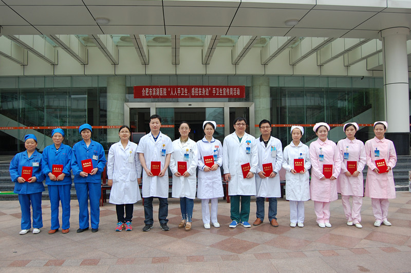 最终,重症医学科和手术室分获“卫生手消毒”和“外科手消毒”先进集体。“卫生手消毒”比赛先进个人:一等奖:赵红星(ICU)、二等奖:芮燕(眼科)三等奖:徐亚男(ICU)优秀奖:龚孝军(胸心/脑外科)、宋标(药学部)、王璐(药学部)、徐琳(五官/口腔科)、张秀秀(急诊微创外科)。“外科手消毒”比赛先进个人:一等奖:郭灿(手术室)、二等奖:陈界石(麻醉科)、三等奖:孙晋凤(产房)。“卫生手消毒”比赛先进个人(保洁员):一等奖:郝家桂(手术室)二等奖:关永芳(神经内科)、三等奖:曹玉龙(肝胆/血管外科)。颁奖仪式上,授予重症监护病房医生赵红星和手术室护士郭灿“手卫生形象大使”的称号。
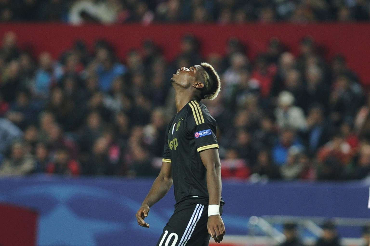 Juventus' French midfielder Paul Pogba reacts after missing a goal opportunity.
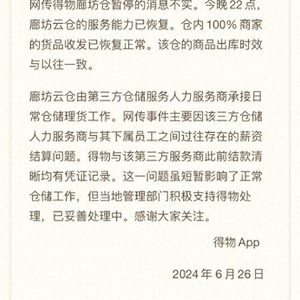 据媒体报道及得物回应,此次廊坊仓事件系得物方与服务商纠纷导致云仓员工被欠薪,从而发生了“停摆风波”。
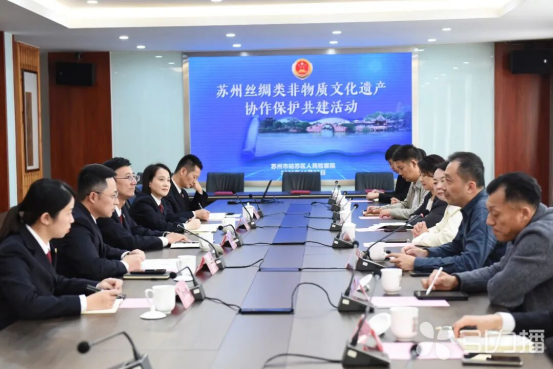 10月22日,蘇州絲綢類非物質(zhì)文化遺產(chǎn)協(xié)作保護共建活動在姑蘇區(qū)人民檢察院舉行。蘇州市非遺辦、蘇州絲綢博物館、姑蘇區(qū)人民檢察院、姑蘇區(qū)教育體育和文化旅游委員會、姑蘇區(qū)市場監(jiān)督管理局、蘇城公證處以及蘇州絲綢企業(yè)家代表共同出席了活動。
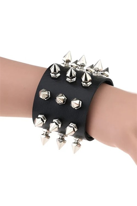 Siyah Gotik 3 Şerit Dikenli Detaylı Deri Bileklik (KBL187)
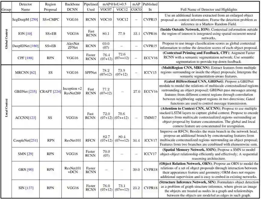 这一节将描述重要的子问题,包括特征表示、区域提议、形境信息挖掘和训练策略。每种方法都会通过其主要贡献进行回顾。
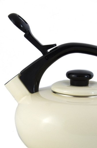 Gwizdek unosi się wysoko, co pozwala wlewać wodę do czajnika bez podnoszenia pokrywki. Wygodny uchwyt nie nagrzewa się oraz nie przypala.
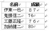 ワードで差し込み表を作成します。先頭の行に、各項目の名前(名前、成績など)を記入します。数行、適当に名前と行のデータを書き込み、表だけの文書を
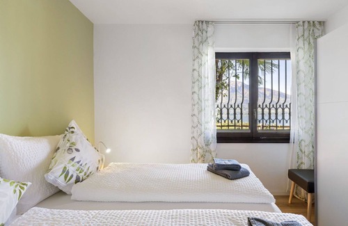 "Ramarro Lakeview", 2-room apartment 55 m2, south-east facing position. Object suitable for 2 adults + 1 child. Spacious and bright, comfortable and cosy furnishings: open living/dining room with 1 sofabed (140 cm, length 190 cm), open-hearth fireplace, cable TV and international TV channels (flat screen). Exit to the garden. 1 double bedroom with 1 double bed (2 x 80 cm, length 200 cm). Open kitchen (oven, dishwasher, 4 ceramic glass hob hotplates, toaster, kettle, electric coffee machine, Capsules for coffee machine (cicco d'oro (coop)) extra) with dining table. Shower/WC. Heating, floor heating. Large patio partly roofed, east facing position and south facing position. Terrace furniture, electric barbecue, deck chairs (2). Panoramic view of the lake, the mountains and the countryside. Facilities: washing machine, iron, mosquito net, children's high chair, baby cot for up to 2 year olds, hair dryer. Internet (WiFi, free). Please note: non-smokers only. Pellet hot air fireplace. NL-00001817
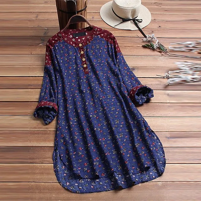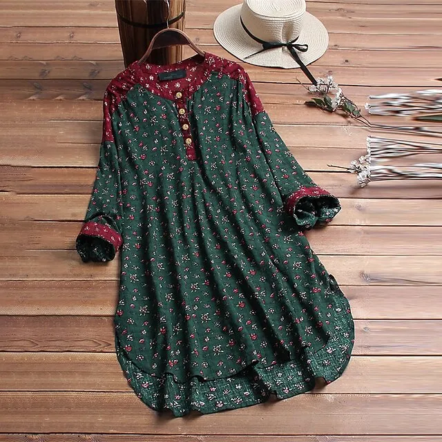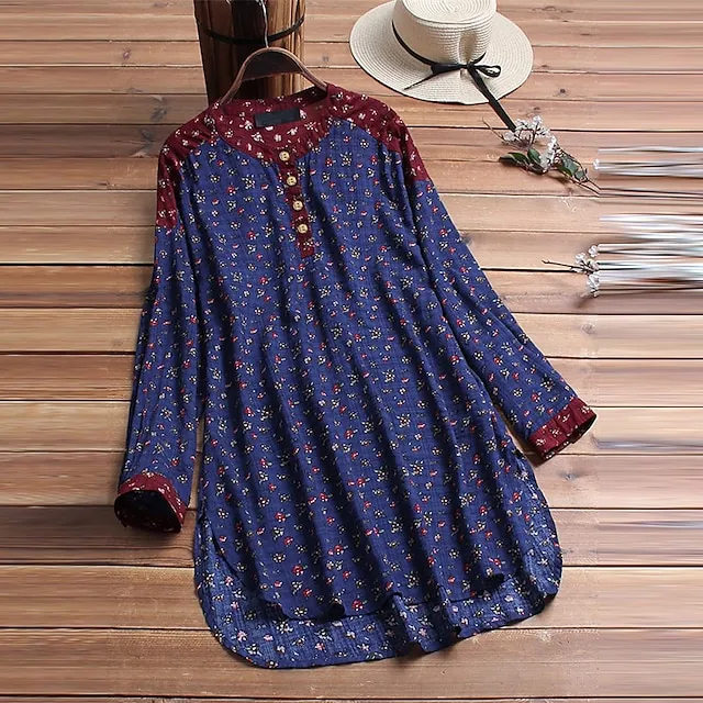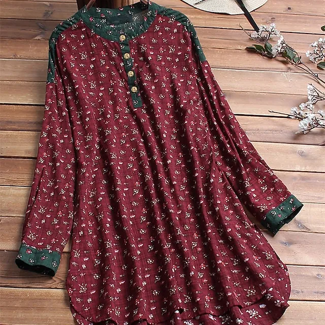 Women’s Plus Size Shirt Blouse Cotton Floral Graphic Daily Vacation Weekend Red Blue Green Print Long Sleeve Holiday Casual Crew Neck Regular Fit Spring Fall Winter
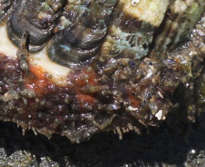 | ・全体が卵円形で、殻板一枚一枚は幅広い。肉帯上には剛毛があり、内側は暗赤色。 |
* * *
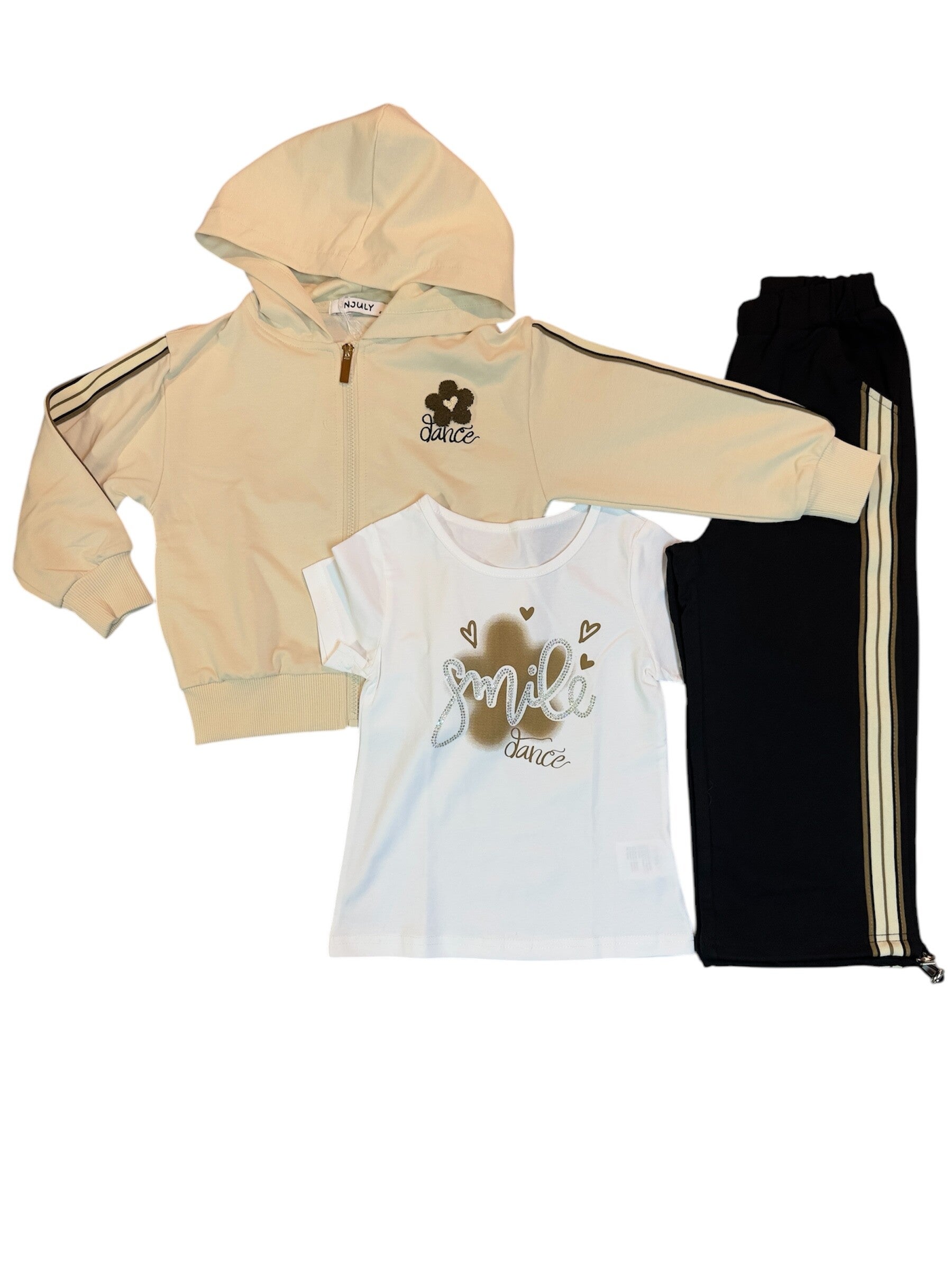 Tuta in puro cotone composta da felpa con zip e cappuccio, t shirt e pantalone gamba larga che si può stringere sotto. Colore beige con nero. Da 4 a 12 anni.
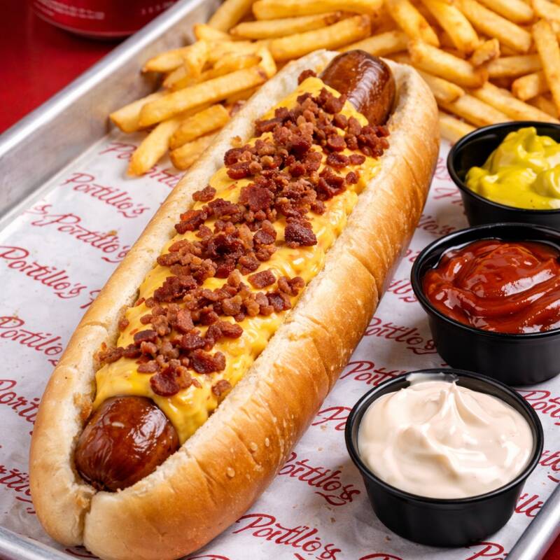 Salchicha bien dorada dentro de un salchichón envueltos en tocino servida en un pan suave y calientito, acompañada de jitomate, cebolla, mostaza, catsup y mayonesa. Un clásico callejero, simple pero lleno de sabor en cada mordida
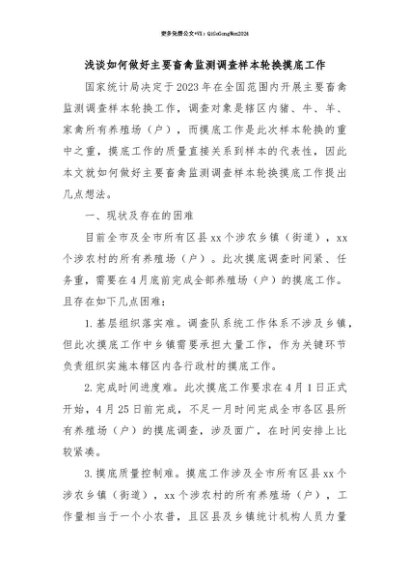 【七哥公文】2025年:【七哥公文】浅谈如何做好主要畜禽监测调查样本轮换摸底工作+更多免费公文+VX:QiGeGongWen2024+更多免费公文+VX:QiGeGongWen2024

* _INSTRUCTIONS FOR THE TASK_:
Copy the lines above exactly, starting with the line that contains "Siyah Gotik 3" and ending with the line that contains "Gwizdek unosi się", and leave out any pictures.

* _YOUR SOLUTION_:
 Siyah Gotik 3 Şerit Dikenli Detaylı Deri Bileklik (KBL187)
 这一节将描述重要的子问题,包括特征表示、区域提议、形境信息挖掘和训练策略。每种方法都会通过其主要贡献进行回顾。
 Gwizdek unosi się wysoko, co pozwala wlewać wodę do czajnika bez podnoszenia pokrywki. Wygodny uchwyt nie nagrzewa się oraz nie przypala.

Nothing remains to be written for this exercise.